I have been thinking a lot about my weight loss lately and I have lost 13 pounds over the last six months or so. That is not bad at all it is just not what I want. I want things to go faster because I have no patience with this in my life. It much harder for me to have patience with myself than with others.
I have been stressed about it too much and I am just going to keep working at eating healthy and working out. I know that I feel better and I can get more done when I keep it up. I can try to work on tweaking my workouts for more fat loss too.
So in all I have been doing very well with my working out and I just need to get a handle on eating healthy. I love healthy fresh meals I just don't like to cook them.
I have noticed I do best when I eat fresh healthy meals and don't spend half my free time freaking out about how many calories are in them. I actually loose more weight when I don't count calories and just try to make smart choices. It has been great to have this blog because I can look back and see the results and when they have been the best.
I didn't get my workout in yesterday but I had six days in a row before that. I am going to change my goals a lot. My goals are no longer going to center on actual weight. I am going to have a goal to get into a size 7 or less in the sewing patterns that I make. I can't say I don't care about my weight but it does seem like muscle builds before fat is lost. I have read a lot of articles that say be patient and keep it up eventually it will come off. Jeff King has been encouraging me not to worry about the weight for months and well I just have to listen now. If another six months go by and I am not smaller it will be time to visit my doctor to see if there is anything else going on.
My weekly goals will be to work out a little everyday. I want to keep that goal so next time things turn out like yesterday I will just hop on the elliptical or treadmill for 20-30 minutes instead of skipping it. On my days off I want to do at least 90 minutes and work days at least 45 minutes. I am not going to go crazy thought and feel defeated if I don't get as much in as I would like.

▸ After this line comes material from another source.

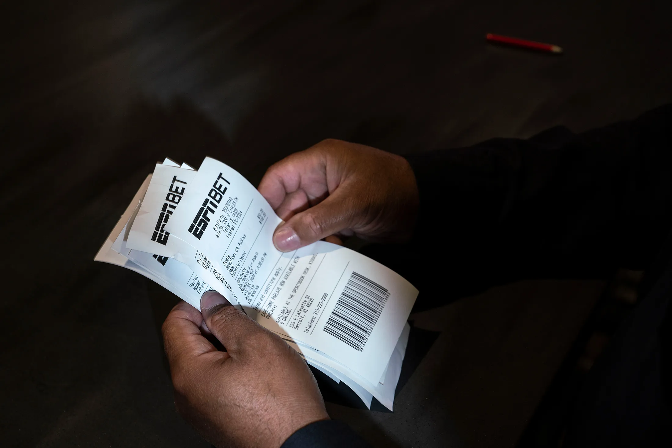 底特律新体育博彩的投注单。摄影师:Sarah Rice,彭博商业周刊在2023年夏季,ESPN公司和赌场运营商Penn Entertainment公司宣布了一项为期10年、价值20亿美元的交易。Penn与媒体公司Barstool Sports公司合作,随后转向自称为“全球体育领导者”的ESPN。在与分析师的电话会议上,Penn首席执行官杰伊·斯诺登表示:“我们认为我们将成为一个主要参与者。”他将体育博彩战斗已经被Flutter Entertainment Plc的FanDuel和DraftKings Inc.赢得的想法称为“疯狂的说法”。他表示,作为该项目的ESPN Bet“将对整体市场份额产生影响。”

I have to work three days again the next two weeks so it changes my plans. I am not complaining it is more money we can save. Then the girl who took over my job will be back three days a week for a while. Two days is more than enough for me. I can pay all the utilities with that and still have some money for sewing stuff and books. I can't wait to have more time for my favorite hobbies especially sitting down with at real book to get away from this world for a few hours.
I good book and good times, make it all better some how.